La siguiente visita al psiquiatra sólo sirvió para confirmar su empeoramiento, por lo cual el psiquiatra optó por hacer un ‘reajuste en la medicación’ lo cual, hay que reconocerlo, le sirvió para experimentar un pequeño alivio al comienzo. Pero luego las cosas volvieron a empeorar: más insomnio, más angustia, más apatía y más sentimiento de inutilidad, fatiga, falta de interés por todo y descuido de la propia apariencia personal. Ya le han dicho que la situación es crónica por lo que los próximos meses toda su actividad será volver al médico ya no para consulta sino para recibir nuevas recetas para continuar con su tratamiento.

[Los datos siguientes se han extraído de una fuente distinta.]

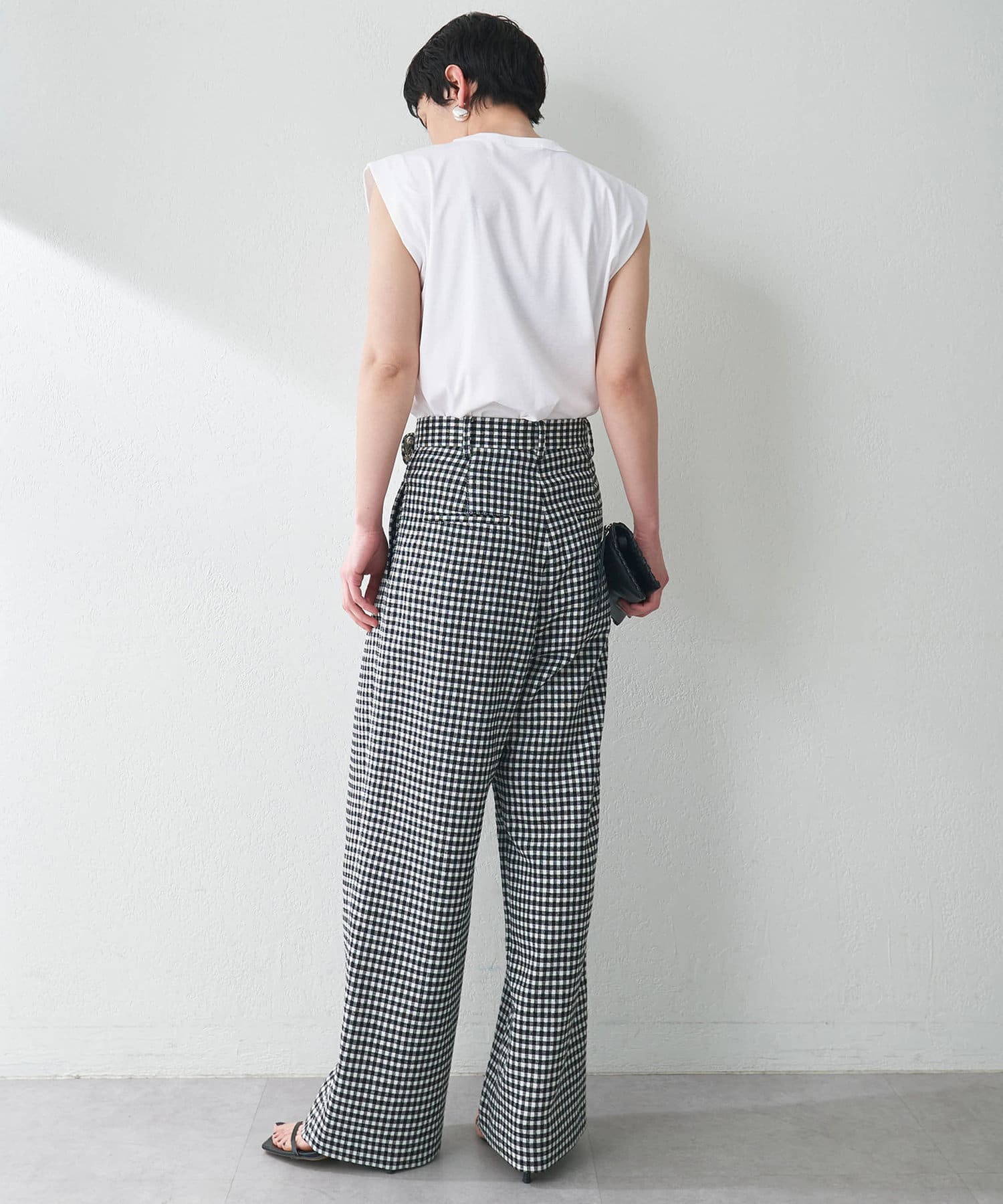シンプルに合わせてもスタイリングが決まるタックパンツ

Ocho años después, el señor X sigue mal. Hasta ahora, él nunca ha hecho nada por querer salir de la situación. Se ha convencido de que él no puede hacer nada y que hay que confiar en los avances de la medicina. Por su parte, el psiquiatra, en varias ocasiones, ha variado la medicación tanteando qué tecla química tocar para que la cosa mejore. Pero cuando llega el momento de empezar a reducir dosis, los síntomas parecen hacerse resistentes. Parece tener cierta dependencia de los fármacos que toma hace años, aunque suele ingerir siempre los ‘últimos descubrimientos en el mercado farmacológico’. Y es ahora cuando, finalmente, se da cuenta de que no quiere seguir así toda la vida, aunque en este momento su necesidad del fármaco parece más fuerte que su deseo de empezar a tomar la vida en sus manos, entre otras cosas porque su identidad de deprimido ya no suele causar tanta compasión y pena entre sus familiares y conocidos, que se han acostumbrado ya a su situación.